» COLLECTED MATERIAL:
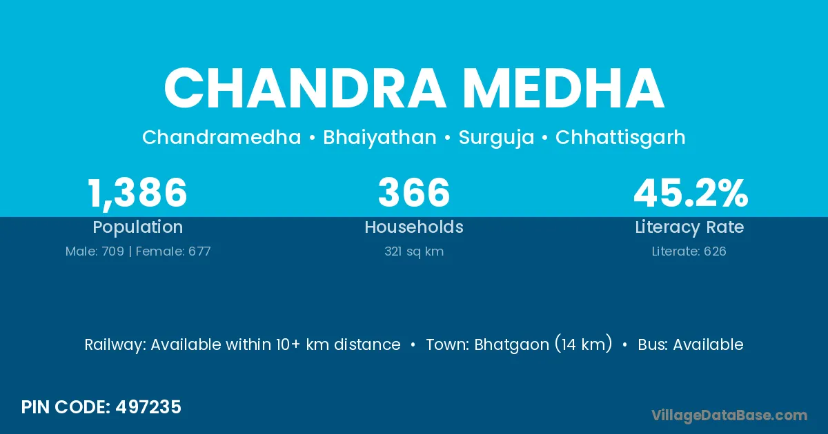 Chandra Medha village has a total population of 1,386 people, of which 709 are males and 677 are females.
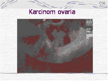 suspektní známky: komplexní cysty, solidní, intraluminální papilace, ascites, snížení indexu pulzatility (pod1,0) a rezistence (pod 0,4) na flowmetrii, bilaterální nález
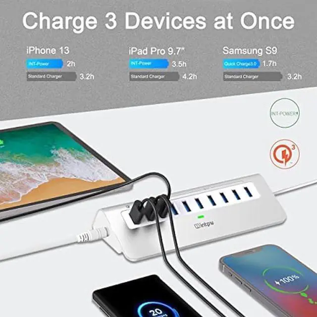 3 x Fast Charging Ports: intpw USB charging hub equipped with Quick Charge 3.0 port offer a charging power up to 18W and also backwards-compatible with all versions of Qualcomm Quick Charge technology ( 1.0, 2.0 & 3.0 ). 2 INT-POWER fast charging ports using intpw's exclusive charging technology also deliver the fastest possible charge of up to 2.4 amps per port for Qualcomm Quick Charge incompatible devices.
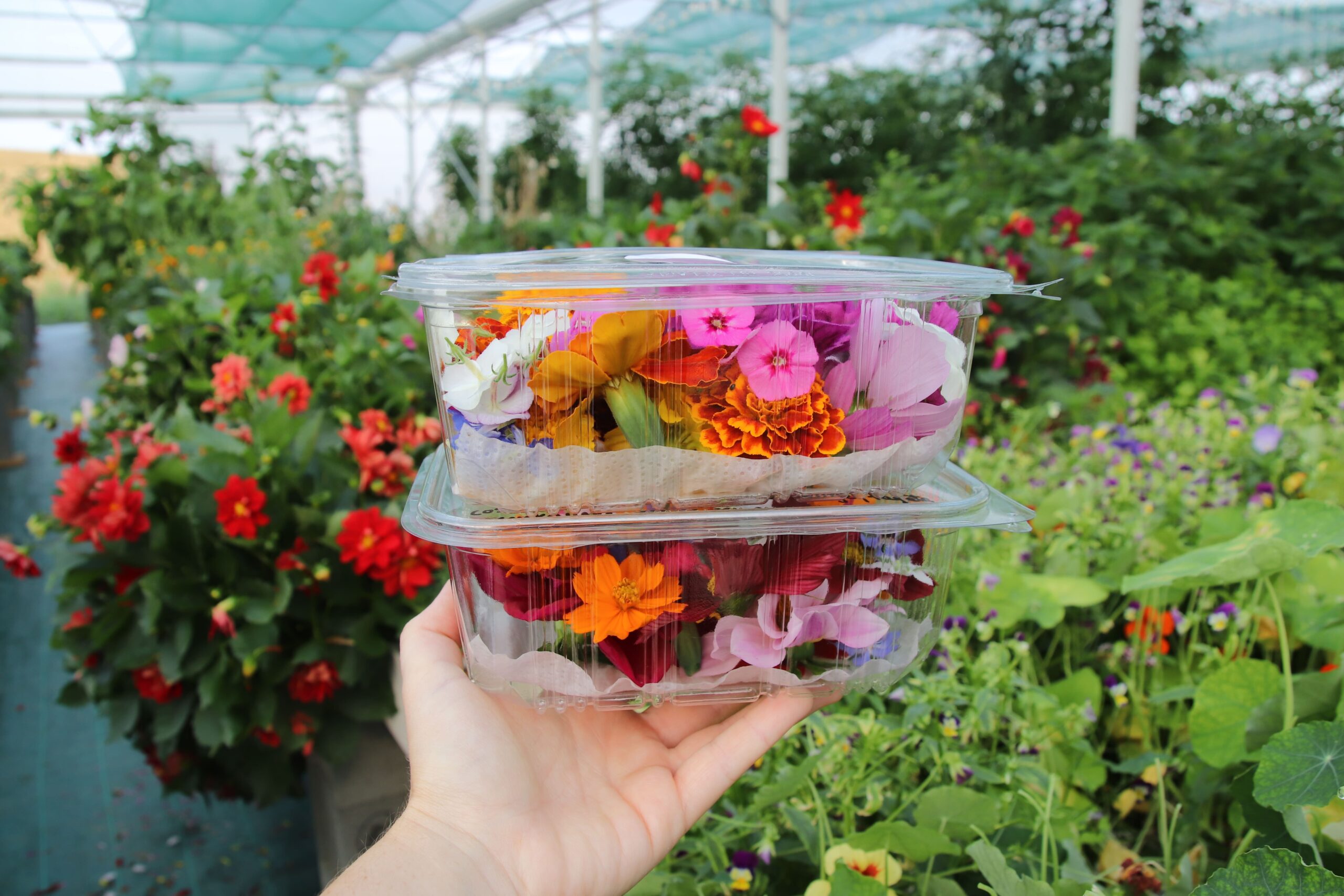 9h30 à 10h45 Visite commentée de la serre hydroponique et découverte de la production de fleurs comestibles à la ferme Mongez-moi avec Marlène.

» EXERCISE REQUIREMENTS:
All lines from the beginning of the material through the line that holds "suspektní známky: komplexní", both included, should be returned exactly; please omit any pictures and add no other lines.

» RESPONSE AREA:
 Chandra Medha village has a total population of 1,386 people, of which 709 are males and 677 are females.
 suspektní známky: komplexní cysty, solidní, intraluminální papilace, ascites, snížení indexu pulzatility (pod1,0) a rezistence (pod 0,4) na flowmetrii, bilaterální nález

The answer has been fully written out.